=== WORK TO COMPLETE ===
Scan the records below for the line with "Vitamine B3 (nicotinamide), Veganistische" and the line with "迪奥 Dior Dway", and retype that range exactly, both ends included, pictures excepted.

=== RECORDS FOR THE TASK ===
::::::
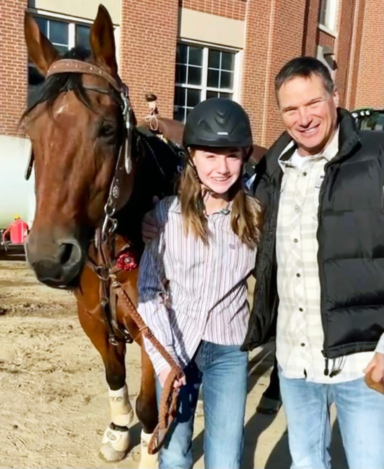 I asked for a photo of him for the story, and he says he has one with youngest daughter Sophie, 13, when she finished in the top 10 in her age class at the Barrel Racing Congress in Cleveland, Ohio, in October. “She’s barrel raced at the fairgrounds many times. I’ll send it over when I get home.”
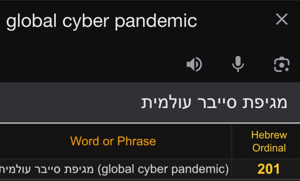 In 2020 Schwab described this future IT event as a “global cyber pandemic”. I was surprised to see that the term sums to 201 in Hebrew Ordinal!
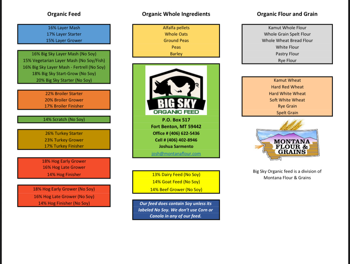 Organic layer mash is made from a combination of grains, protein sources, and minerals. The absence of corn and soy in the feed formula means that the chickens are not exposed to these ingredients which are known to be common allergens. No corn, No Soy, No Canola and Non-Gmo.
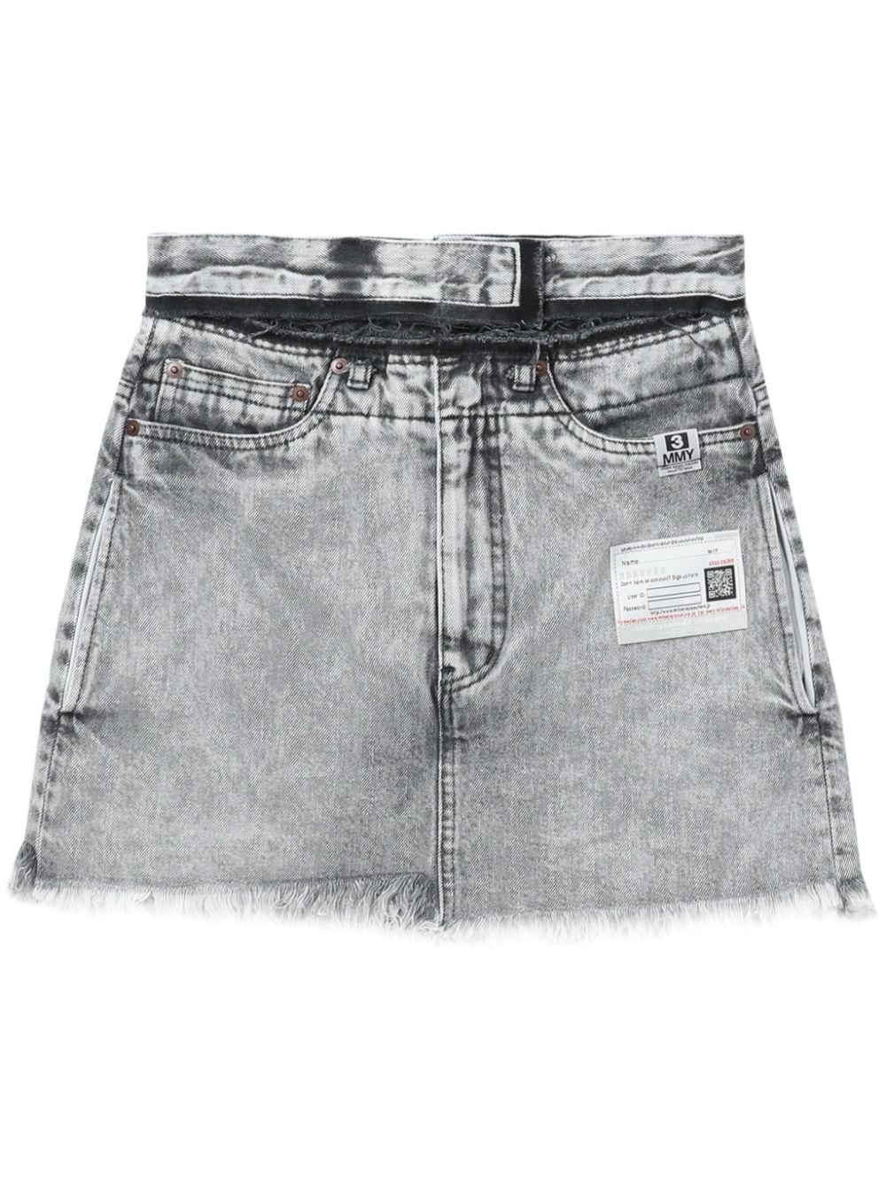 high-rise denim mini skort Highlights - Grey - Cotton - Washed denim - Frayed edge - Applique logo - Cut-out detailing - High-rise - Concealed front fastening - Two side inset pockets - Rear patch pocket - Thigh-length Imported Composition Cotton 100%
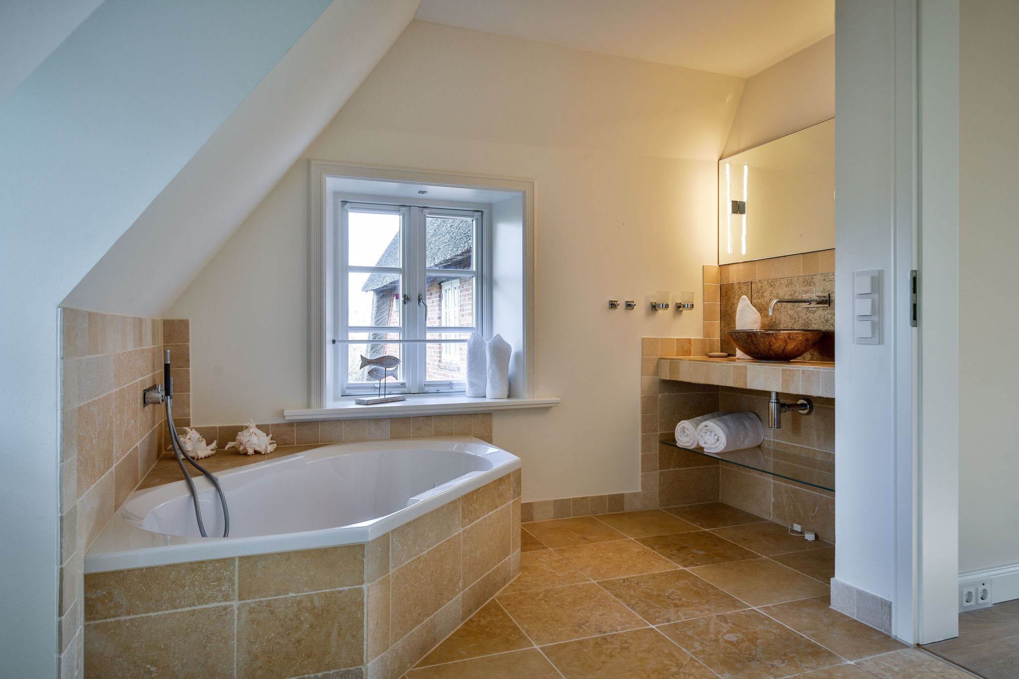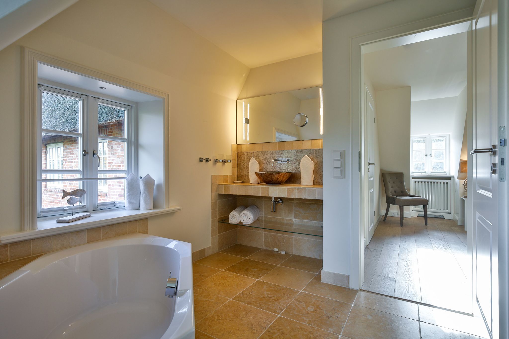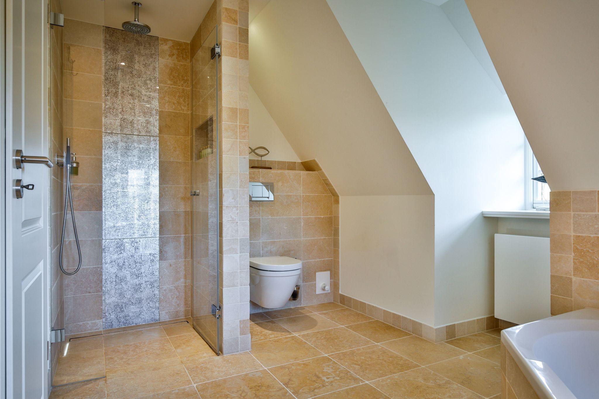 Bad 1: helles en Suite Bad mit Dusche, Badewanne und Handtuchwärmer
::::::
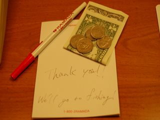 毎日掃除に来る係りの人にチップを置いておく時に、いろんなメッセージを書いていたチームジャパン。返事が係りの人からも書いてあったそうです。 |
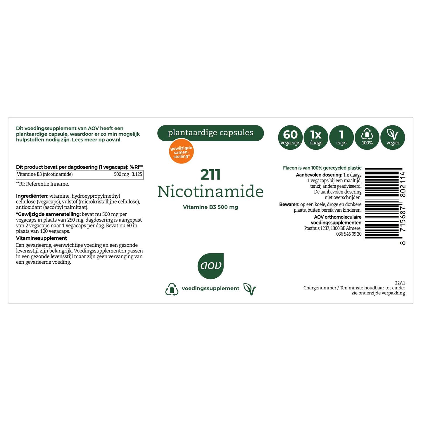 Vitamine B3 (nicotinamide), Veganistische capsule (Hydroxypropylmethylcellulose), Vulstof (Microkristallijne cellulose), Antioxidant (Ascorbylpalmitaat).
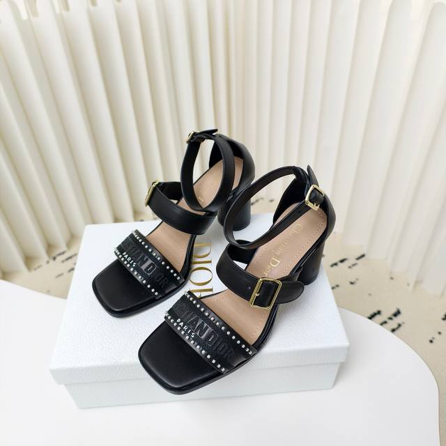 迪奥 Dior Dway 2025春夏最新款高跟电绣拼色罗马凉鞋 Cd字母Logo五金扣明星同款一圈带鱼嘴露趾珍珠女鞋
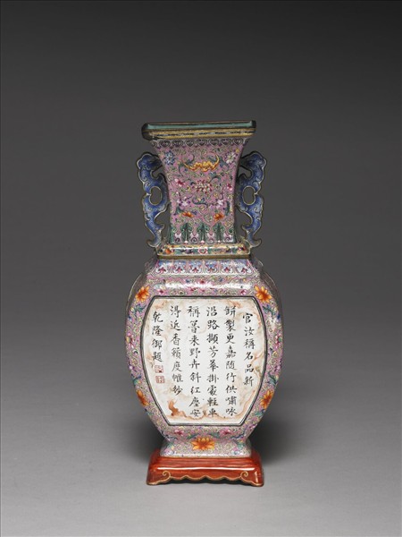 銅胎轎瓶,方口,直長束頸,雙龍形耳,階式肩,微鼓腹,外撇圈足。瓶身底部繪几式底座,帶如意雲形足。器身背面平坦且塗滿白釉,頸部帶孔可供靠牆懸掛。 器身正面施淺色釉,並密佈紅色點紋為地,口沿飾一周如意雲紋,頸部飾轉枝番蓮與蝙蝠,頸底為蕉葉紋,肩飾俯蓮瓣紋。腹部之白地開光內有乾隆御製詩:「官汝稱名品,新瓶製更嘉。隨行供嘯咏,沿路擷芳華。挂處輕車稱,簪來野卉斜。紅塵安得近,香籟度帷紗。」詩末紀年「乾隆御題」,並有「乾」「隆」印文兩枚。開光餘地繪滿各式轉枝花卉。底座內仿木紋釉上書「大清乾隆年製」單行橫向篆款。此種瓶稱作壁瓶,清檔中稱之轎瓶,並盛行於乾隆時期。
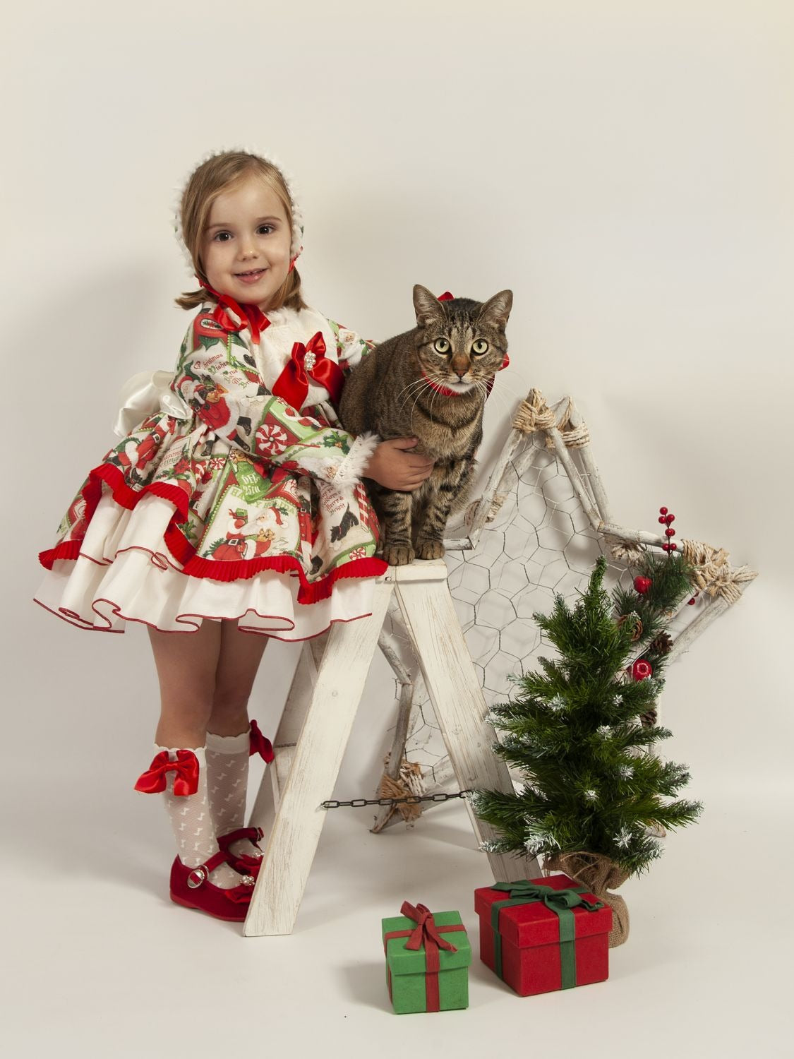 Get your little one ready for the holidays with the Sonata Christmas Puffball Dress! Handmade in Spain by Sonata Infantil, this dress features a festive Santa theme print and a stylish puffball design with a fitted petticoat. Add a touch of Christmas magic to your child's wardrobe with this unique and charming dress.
::::::
=== SOLUTION FOR THIS EXERCISE ===
 Vitamine B3 (nicotinamide), Veganistische capsule (Hydroxypropylmethylcellulose), Vulstof (Microkristallijne cellulose), Antioxidant (Ascorbylpalmitaat).
 迪奥 Dior Dway 2025春夏最新款高跟电绣拼色罗马凉鞋 Cd字母Logo五金扣明星同款一圈带鱼嘴露趾珍珠女鞋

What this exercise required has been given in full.